Der Sieg von Donald Trump bei der Präsidentschaftswahl wurde als atemberaubend und schockierend beschrieben und hat einen „Aufschrei“ in den Medien hervorgerufen. Der gewählte Präsident fand bei mehr als 59 Millionen Amerikanern genug Gehör, dass sie in der Wahlkabine für ihn den Ausschlag gaben und ihm zum Sieg verhalfen. Trump erreichte seine Unterstützer sowohl persönlich als auch über die Social-Media-Plattformen, vor allem über Twitter. Wenige Stunden, nachdem er seine Siegesrede gehalten hatte, war er schon wieder am twittern.
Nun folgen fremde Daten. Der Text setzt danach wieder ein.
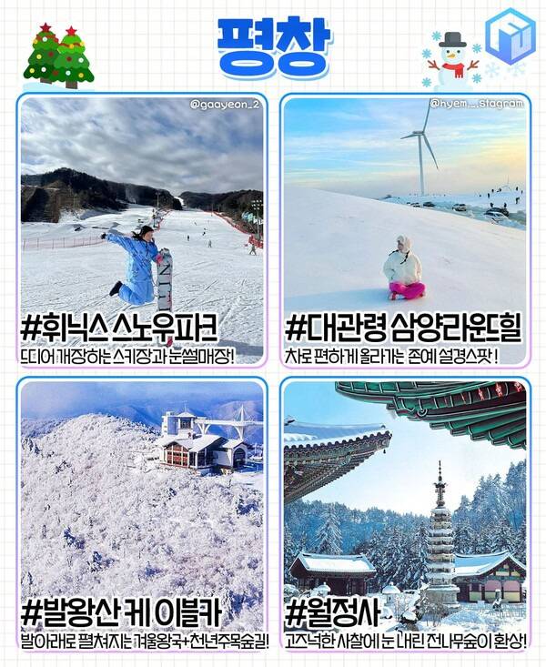 평창은 12월 국내 겨울 여행지로 빼놓을 수 없는 지역입니다. 새하얀 눈으로 뒤덮여 환상적인 설경이 펼쳐지는 곳이 특히 많기 때문인데요.

Trumps Twitter-Affinität ist gut dokumentiert. Ein Politiker charakterisierte die Präsenz des Kandidaten auf der Social-Networking-Seite als „eine kontinuierliche Trump-Kampagne, die rund um die Uhr auf Twitter statfindet.“. Angesichts seines Geschicks erklärten ihn einige Leute zum Gewinner in den sozialen Medien und in der Wahlkampfschlacht.
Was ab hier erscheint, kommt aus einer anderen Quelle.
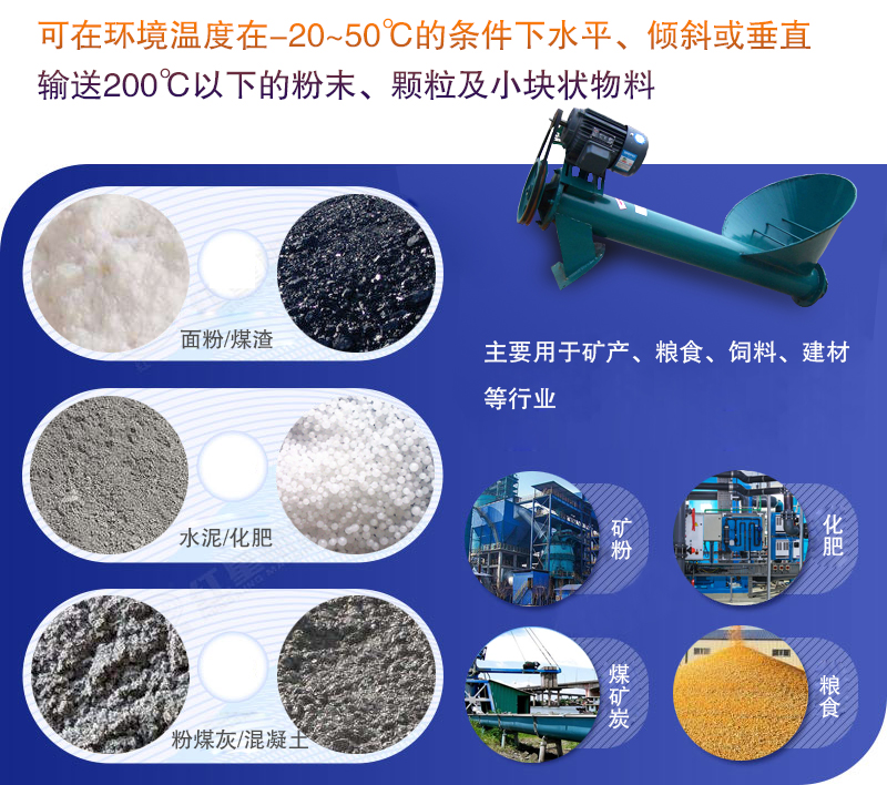 可在環(huán)境溫度在-20~50℃的條件下水平、傾斜或垂直輸送200℃以下的粉末、顆粒及小塊狀物料

Aber wie viel Einfluss hatte Twitter während der Präsidentschaftswahl 2016? Als Rechtsprofessor, der die Auswirkungen des Internets auf die äußere Welt untersucht, glaube ich, dass die Antwort auf diese Frage durchaus die Art und Weise verändern könnte, wie politische Kandidaten ihre Kampagnen für die kommenden Jahre gestalten.
Politik im Taschenformat
Mit mehr als 300 Millionen aktiven Nutzern in den ersten drei Quartalen des Jahres 2016 ermöglicht Twitter den Menschen, mit Scharen von Freunden und Followern in 140 Zeichen oder weniger zu kommunizieren. Während Amerikaner dazu neigen, Diskussionen über Politik offline zu vermeiden, machen soziale Medienumgebungen wie Twitter es fast unmöglich, sich von politischen Interaktionen im Internet fernzuhalten. Obwohl die Forschung zeigt, dass nur wenige Clinton- oder Trump-Fans enge Freunde im gegnerischen Lager haben, weiten die sozialen Medien diese Kontakte erheblich aus. Vor allem auf Twitter neigen die Nutzer statistisch gesehen eher dazu, Menschen zu folgen, die sie nicht persönlich kennen, als das auf Facebook der Fall ist, wo sich die Nutzer oft mit denen anfreunden, die sie persönlich kennen.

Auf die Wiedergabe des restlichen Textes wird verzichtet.